Source records ::
______________________________

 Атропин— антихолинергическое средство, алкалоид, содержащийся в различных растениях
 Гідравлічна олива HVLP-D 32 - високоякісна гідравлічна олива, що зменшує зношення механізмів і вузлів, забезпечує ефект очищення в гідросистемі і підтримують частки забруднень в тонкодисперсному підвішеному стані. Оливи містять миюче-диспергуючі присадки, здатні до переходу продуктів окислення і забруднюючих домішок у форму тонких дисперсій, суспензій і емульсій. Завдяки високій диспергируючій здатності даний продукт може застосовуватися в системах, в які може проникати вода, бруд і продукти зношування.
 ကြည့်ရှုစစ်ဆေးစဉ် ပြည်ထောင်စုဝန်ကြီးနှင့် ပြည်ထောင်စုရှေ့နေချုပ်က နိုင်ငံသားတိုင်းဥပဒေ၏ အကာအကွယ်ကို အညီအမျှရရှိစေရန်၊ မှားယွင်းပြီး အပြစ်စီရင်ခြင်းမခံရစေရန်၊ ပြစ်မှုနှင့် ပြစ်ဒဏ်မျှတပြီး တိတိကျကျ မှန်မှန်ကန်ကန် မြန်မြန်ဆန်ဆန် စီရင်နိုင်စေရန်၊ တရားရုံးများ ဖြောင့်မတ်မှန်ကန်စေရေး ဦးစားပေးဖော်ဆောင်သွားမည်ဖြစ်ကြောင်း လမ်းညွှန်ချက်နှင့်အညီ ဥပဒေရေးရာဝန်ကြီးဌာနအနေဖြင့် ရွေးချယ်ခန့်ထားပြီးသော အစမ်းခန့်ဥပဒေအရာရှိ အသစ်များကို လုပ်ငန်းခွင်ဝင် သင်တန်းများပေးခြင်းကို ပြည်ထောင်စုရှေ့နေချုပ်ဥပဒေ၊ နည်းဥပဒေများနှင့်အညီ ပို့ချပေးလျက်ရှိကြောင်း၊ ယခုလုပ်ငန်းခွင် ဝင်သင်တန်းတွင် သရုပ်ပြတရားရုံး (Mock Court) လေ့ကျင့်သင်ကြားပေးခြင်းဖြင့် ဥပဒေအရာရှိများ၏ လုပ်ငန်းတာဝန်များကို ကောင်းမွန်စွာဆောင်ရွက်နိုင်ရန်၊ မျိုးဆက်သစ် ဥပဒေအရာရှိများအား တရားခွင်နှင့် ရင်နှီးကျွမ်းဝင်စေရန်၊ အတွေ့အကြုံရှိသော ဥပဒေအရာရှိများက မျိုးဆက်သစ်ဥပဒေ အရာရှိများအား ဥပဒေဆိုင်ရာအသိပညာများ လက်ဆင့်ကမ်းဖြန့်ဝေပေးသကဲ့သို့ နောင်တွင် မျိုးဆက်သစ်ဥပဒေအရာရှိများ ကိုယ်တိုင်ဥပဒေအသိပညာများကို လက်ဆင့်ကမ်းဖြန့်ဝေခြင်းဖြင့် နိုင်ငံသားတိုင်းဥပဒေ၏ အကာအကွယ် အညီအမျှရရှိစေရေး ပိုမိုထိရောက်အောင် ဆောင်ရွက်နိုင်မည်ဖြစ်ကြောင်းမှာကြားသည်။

______________________________

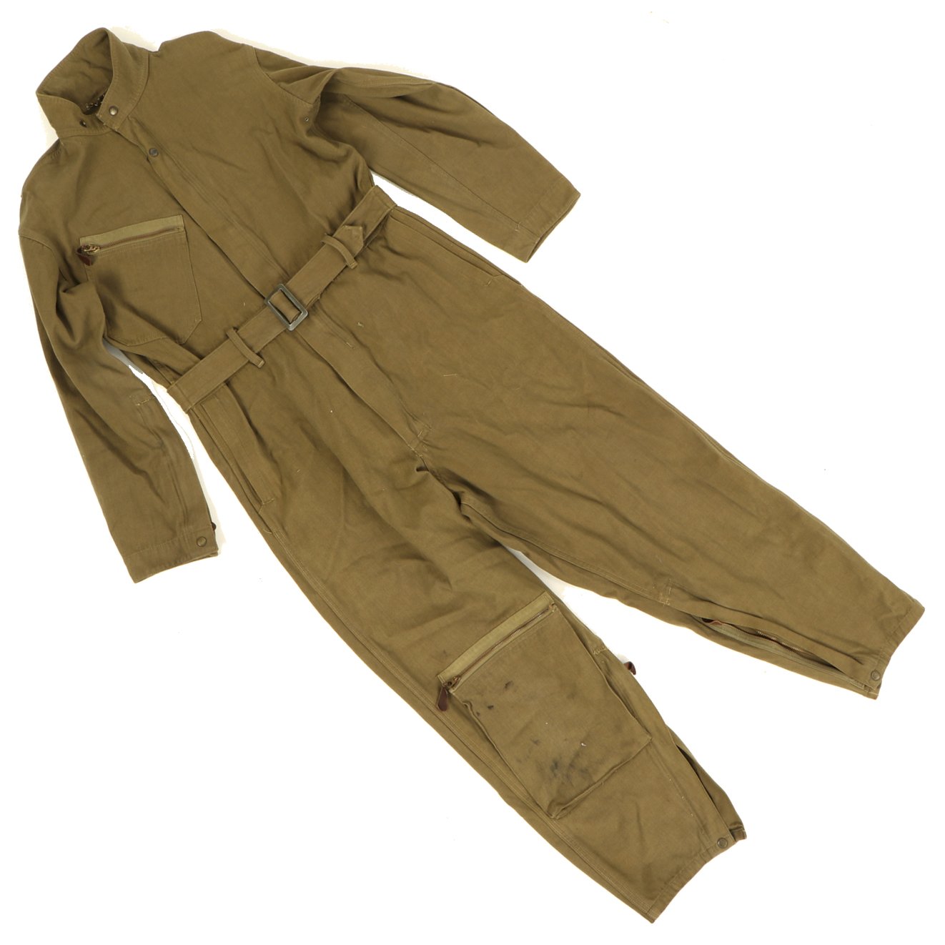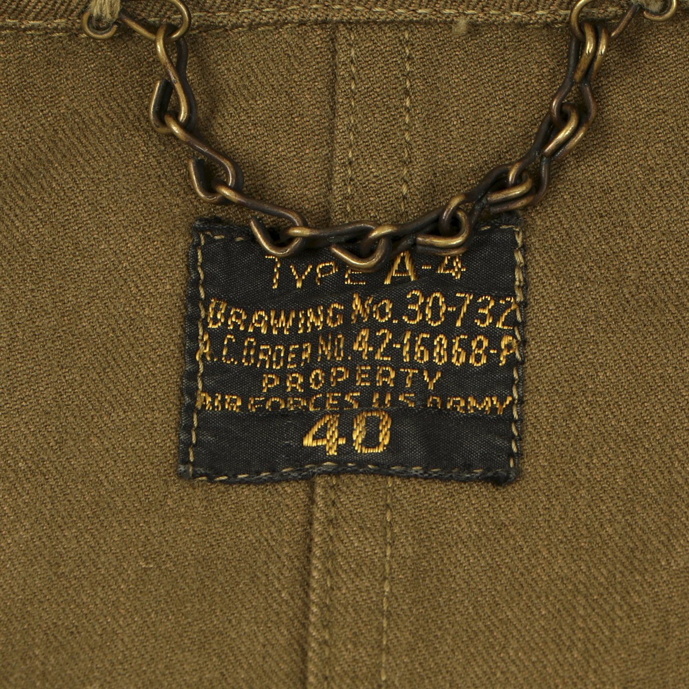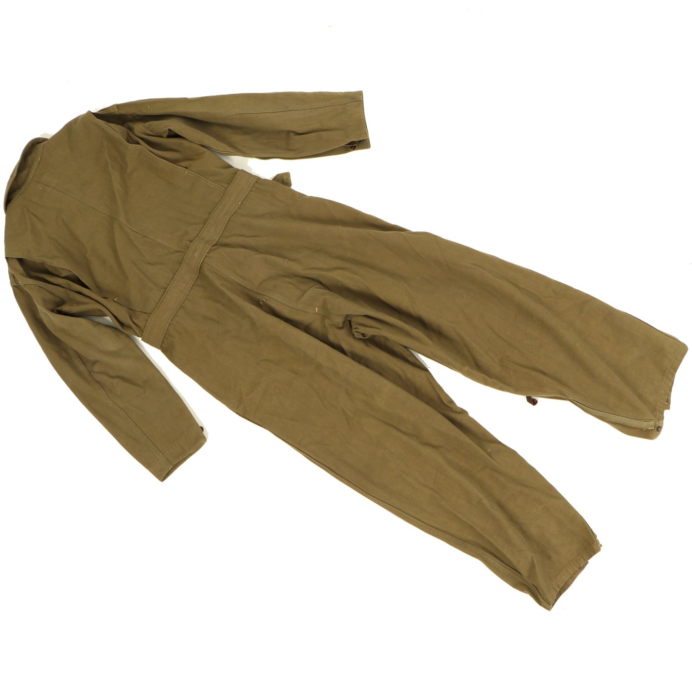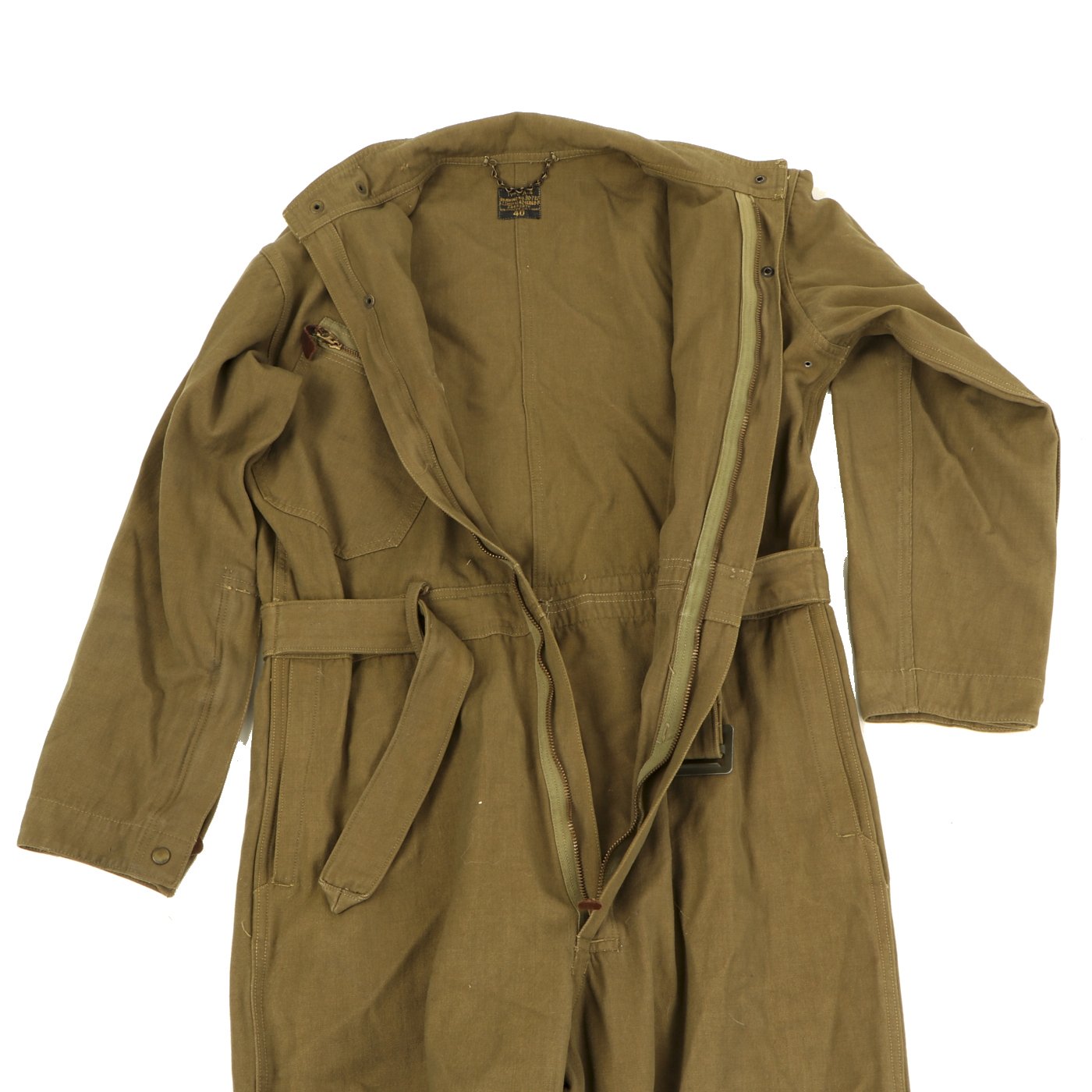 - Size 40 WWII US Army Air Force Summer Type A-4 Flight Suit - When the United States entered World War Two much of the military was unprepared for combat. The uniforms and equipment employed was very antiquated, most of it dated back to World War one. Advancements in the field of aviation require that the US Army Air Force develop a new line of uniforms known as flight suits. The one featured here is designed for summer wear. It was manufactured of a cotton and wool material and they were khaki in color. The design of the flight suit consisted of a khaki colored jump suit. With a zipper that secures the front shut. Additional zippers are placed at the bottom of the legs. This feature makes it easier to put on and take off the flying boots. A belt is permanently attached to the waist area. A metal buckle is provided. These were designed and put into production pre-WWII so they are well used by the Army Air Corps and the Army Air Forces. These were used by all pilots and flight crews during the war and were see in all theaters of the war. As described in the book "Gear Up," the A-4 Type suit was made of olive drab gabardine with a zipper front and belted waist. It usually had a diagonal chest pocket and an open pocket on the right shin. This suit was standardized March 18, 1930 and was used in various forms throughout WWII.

______________________________

For this task, write out exactly the lines of the entries above, starting at the line with "Атропин— антихолинергическое средство, алкалоид, содержащийся" and ending at the line with "Гідравлічна олива HVLP-D", both included, and no others.

Answer area ::
 Атропин— антихолинергическое средство, алкалоид, содержащийся в различных растениях
 Гідравлічна олива HVLP-D 32 - високоякісна гідравлічна олива, що зменшує зношення механізмів і вузлів, забезпечує ефект очищення в гідросистемі і підтримують частки забруднень в тонкодисперсному підвішеному стані. Оливи містять миюче-диспергуючі присадки, здатні до переходу продуктів окислення і забруднюючих домішок у форму тонких дисперсій, суспензій і емульсій. Завдяки високій диспергируючій здатності даний продукт може застосовуватися в системах, в які може проникати вода, бруд і продукти зношування.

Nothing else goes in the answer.